Attack Decay Sustain Release is unashamedly a dance album. But it’s a dance album that deliberately turns its back on production sheen in favour of jaw-rattling beats. Once the hips are swinging, Simian Mobile Disco’s ten-track musical salvo sets to work on the ears with the sort of acid grooves and epic breakdowns that have been gathering dust in a cupboard since 1992.

Who’s it by
Simian Mobile Disco have had an eclectic route to the top by anybody’s standards. The story of electro fans James Ford and Jas Shaw starts with an indie band called Simian, which successfully crossed indie melodies with dance sensibilities. Although LP We Are Your Friends became a cult indie sensation, they were consistently overlooked by the mainstream. Eventually, the DJ duo began to focus more and more energy on their true passion – dance.

As word began to spread, the pair decided it was time to abandon Simian and turn to dance production full-time. It proved a wise career move – Simian Mobile Disco rapidly made their name as the dream ticket for indie bands seeking a dance makeover.

Finally, the pair decided it was time to escape the dingy production booth by unleashing their long-awaited debut LP. Attack Decay Sustain Release was born.

Cover of 2007 Simian Mobile Disco LP Attack Decay Sustain Release

As an example…
“If I had the money to go to a record store, I would…Go to that record store, steal some records, man. I’m telling you I’m broke, I’m telling you I’m broke, but I’m surviving, and I can cope. Yeah I’m a hustler baby, that’s what my daddy’s made me” – Hustler

Likelihood of a trip to the Grammys
It’s a sure-fire bet that anybody who’s anybody in the dance fraternity will jump on this album. Clubbers, DJs and critics will all find something to love, but the Grammys may prove a step too far. Mind you, if they keep on producing killer albums for the likes of Arctic Monkeys and Klaxons, they might scoop a few Grammys by association.

What the others say
“If you were one of those people complaining they couldn’t hear the ‘rave’ in new rave, Attack Decay Sustain Release should make you very happy” – Amazon.com

“The new tracks seem either rushed or cobbled together, Frankenstein monster-style” – Slant Magazine

So is it any good?
Attack Decay Sustain Release is the best name imaginable for this album. You see, it’s not so much a title as a mission statement.

Each track takes no prisoners, kicking off with an all-out attack on the listener, as crunching beats remorselessly assault the senses. Song after song grabs hold of your eardrum and mercilessly pounds away until decay sets in. As your nerves gradually recover, Simian Mobile Disco effortlessly sweep you back off the floor again with a nagging hook that grows and sustains, sustains and grows.

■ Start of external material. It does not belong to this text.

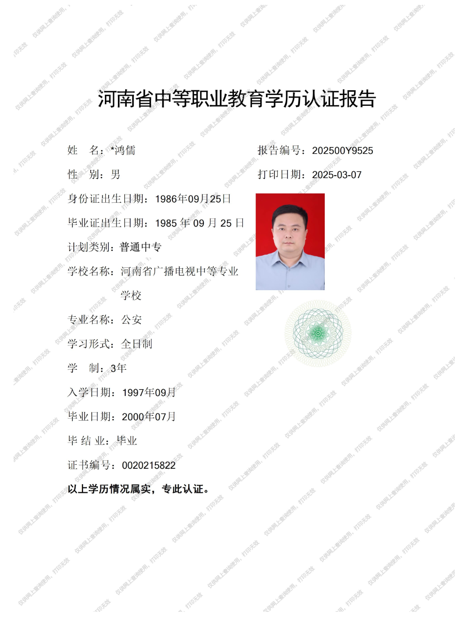 说明:根据《河南省教育厅办公室关于印发河南省中等职业教育学历认证工作规程(试行)的通知》(教职成函〔2020〕312号)文件规定,认证结论分为通过认证和未通过认证两种。 通过认证的申请,申请人获得“河南省中等职业教育学历认证报告”,报告具有唯一编号;未通过认证的申请,申请人获得“河南省中等职业教育学历查询报告”。

Suddenly, the beat is back alongside such outrageously old-skool acid riffs that release is the only option. Go with it, break out a grin and just let your body move!

Ok, so some critics might argue there’s nothing astonishingly new here. Isn’t this just a rehash of the oldest dance formula in existence? Well yes, yes it is. But it hasn’t been rehashed with this much style and verve since Mylo. So crank up the volume, ignore the naysayers and brace yourselves for Attack Decay Sustain Release.